» DATA IN THIS EXERCISE:
*****
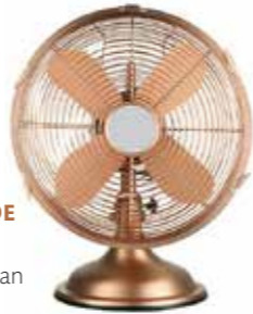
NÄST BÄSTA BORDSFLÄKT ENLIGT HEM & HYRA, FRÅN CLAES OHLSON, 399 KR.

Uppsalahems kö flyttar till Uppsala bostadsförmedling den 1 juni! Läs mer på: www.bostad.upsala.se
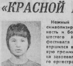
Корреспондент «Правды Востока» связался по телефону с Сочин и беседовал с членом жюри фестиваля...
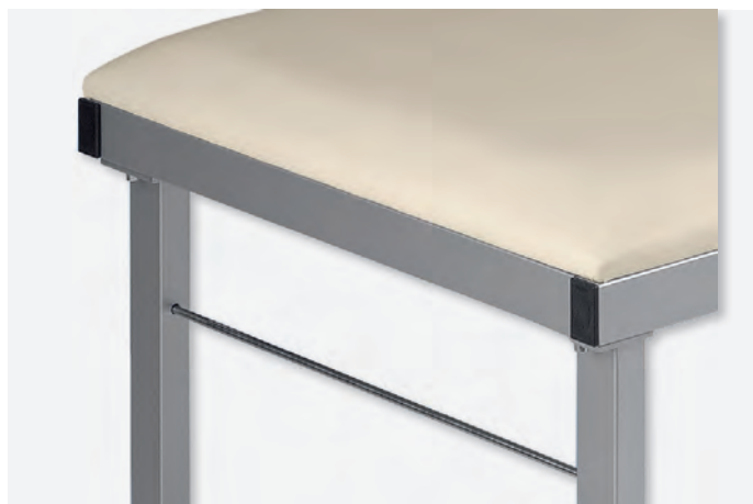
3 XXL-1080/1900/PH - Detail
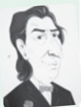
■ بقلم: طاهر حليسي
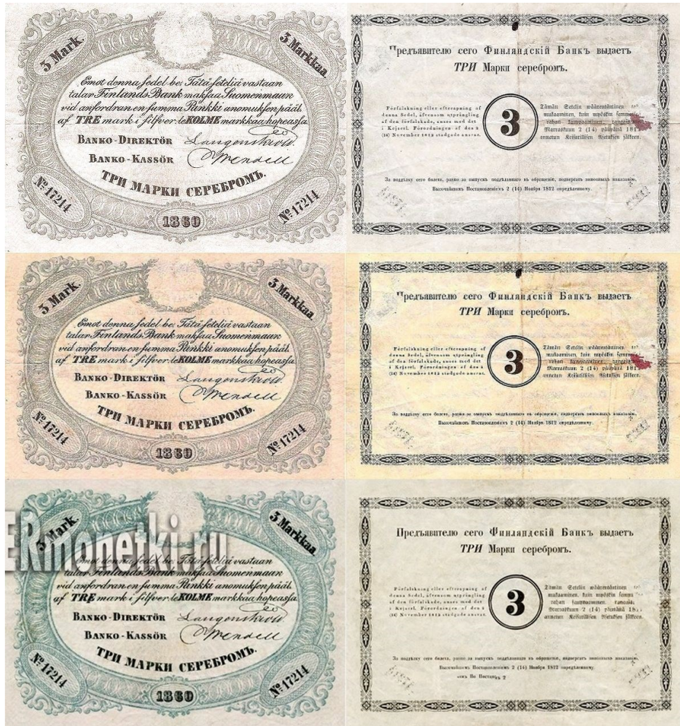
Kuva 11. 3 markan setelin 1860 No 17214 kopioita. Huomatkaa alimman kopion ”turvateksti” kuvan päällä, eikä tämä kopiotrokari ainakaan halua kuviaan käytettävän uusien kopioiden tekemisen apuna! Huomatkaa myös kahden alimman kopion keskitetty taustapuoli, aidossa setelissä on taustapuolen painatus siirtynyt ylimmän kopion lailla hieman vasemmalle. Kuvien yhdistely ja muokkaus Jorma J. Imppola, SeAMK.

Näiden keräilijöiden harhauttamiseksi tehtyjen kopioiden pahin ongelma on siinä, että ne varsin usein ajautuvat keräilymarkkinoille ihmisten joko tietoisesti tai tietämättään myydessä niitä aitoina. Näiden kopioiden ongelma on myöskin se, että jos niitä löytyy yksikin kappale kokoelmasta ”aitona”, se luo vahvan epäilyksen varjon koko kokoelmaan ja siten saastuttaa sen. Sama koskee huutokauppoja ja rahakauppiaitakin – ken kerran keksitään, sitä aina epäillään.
*****
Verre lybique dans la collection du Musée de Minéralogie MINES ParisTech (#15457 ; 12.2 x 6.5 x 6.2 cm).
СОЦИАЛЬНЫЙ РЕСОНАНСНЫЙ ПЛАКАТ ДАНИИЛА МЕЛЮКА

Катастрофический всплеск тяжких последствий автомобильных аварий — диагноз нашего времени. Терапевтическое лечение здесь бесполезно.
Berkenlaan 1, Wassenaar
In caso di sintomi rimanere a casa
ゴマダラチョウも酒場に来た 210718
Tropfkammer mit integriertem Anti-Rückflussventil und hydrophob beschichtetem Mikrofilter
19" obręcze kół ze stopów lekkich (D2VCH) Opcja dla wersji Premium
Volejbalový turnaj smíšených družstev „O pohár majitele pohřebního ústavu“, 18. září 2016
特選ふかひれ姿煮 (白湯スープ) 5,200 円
*****
» ASSIGNMENT:
Within the listing above, the lines from the one with "Uppsalahems kö flyttar" through the one with "بقلم: طاهر حليسي" are to be given again word for word. Do not include pictures.

» ANSWER BOX:
Uppsalahems kö flyttar till Uppsala bostadsförmedling den 1 juni! Läs mer på: www.bostad.upsala.se
Корреспондент «Правды Востока» связался по телефону с Сочин и беседовал с членом жюри фестиваля...
3 XXL-1080/1900/PH - Detail
■ بقلم: طاهر حليسي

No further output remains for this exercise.